Of course; there is a fancy and easy way.
A fancy way, which I will describe below. First a simple way: take by value.
template <typename... Args> struct foo<std::tuple<Args...>> { std::tuple<Args...> t; foo(Args... args): t{std::forward<Args>(args)...} { } };
Really, just do it. Forward is used to work correctly if Args contains a link.
Taking by value adds one step over perfect forwarding, but reduces the need for congestion exponentially.
This is a fancy way.
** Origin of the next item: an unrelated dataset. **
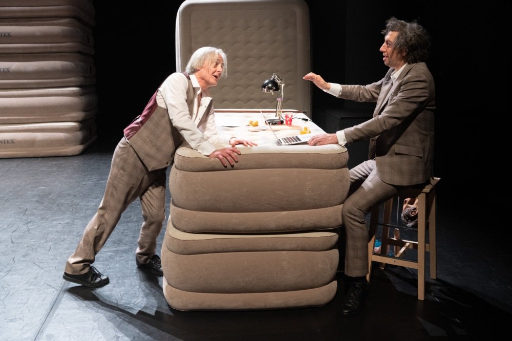 Di antara ketiganya, dipandu oleh sutradara Sophie Cusset, muncullah simbiosis langka, di mana kesenangan bermain adalah kesenangan untuk dilihat.. Latihan berminggu-minggu, yang bisa kita bayangkan seru, memungkinkan ketiganya merobohkan semua tembok, menghancurkan kesedihan tanpa jatuh ke dalam sinisme, menantang humor tanpa menggunakan sikap ringan. “ Pada awalnya saya takut teks tersebut akan mengesankan Thomas dan Grégoire, bahwa mereka tidak akan membiarkan diri mereka menyalahgunakan kebebasan yang saya berikan kepada mereka karena mereka tidak berani menertawakan saya, tetapi petualangan manusia merenggut segalanya.”aktor itu bersukacita. Seiring berjalannya adegan, kami menjauh dari garis tanpa masalah apa pun Penyeberangan Paris hingga bahasanya yang tergelincir dan tidak dapat diperbaiki lagi, dari permainan kata-kata sederhana di MSA – “Menjadi MSA tidaklah mudah” – Ironisnya nasib seorang aktor yang dilahap badut yang sudah lama ia perankan: “Ahli saraf mengatakan kepada saya bahwa mungkin saya selalu sakit (…) tetapi tubuh saya memberikan kompensasi dan hari ini kemampuan saya untuk memberikan kompensasi diserang. Secara naluriah sang aktor mengambilnya, mengubahnya menjadi sebuah karakter. Sekarang dia telah mengambil alih, kata-kata itu terus keluar, saya tersandung di dalamnya, saya melucu sendiri.”

We print the erase design:
template<class T> struct make_it { using maker=T(*)(void*); maker f; void* args; // make from move make_it( T&& t ): f([](void* pvoid)->T{ return std::move(*static_cast<T*>(pvoid)); }), args(std::addressof(t)) {} // make from copy make_it( T const& t ): f([](void* pvoid)->T{ return *(T const*)(pvoid); }), args(std::addressof(t)) {} operator T()&&{return std::move(*this)();} T operator()()&&{ return f(args); } };
This type erases the design by copying or moving.
template <typename... Args> struct foo<std::tuple<Args...>> { std::tuple<Args...> t; foo(make_it<Args>... args): t{std::move(args)()...} { } };
It is not completely transparent, but it is as close as possible.
Double {{}} is required instead of single. This is a custom conversion, so no other will be done. We could add a universal ctor: '
// make from universal template<class U> make_it( U&& u ): f([](void* pvoid)->T{ return std::forward<U>(*(U*)(pvoid)); }), args(std::addressof(u)) {}
which works better if we add sfinae teat that U&& can be used to implicitly build T
This has several advantages, but they are marginal, only taking on meaning. For example, in C ++ 17, immovable types can be ideally developed in some cases.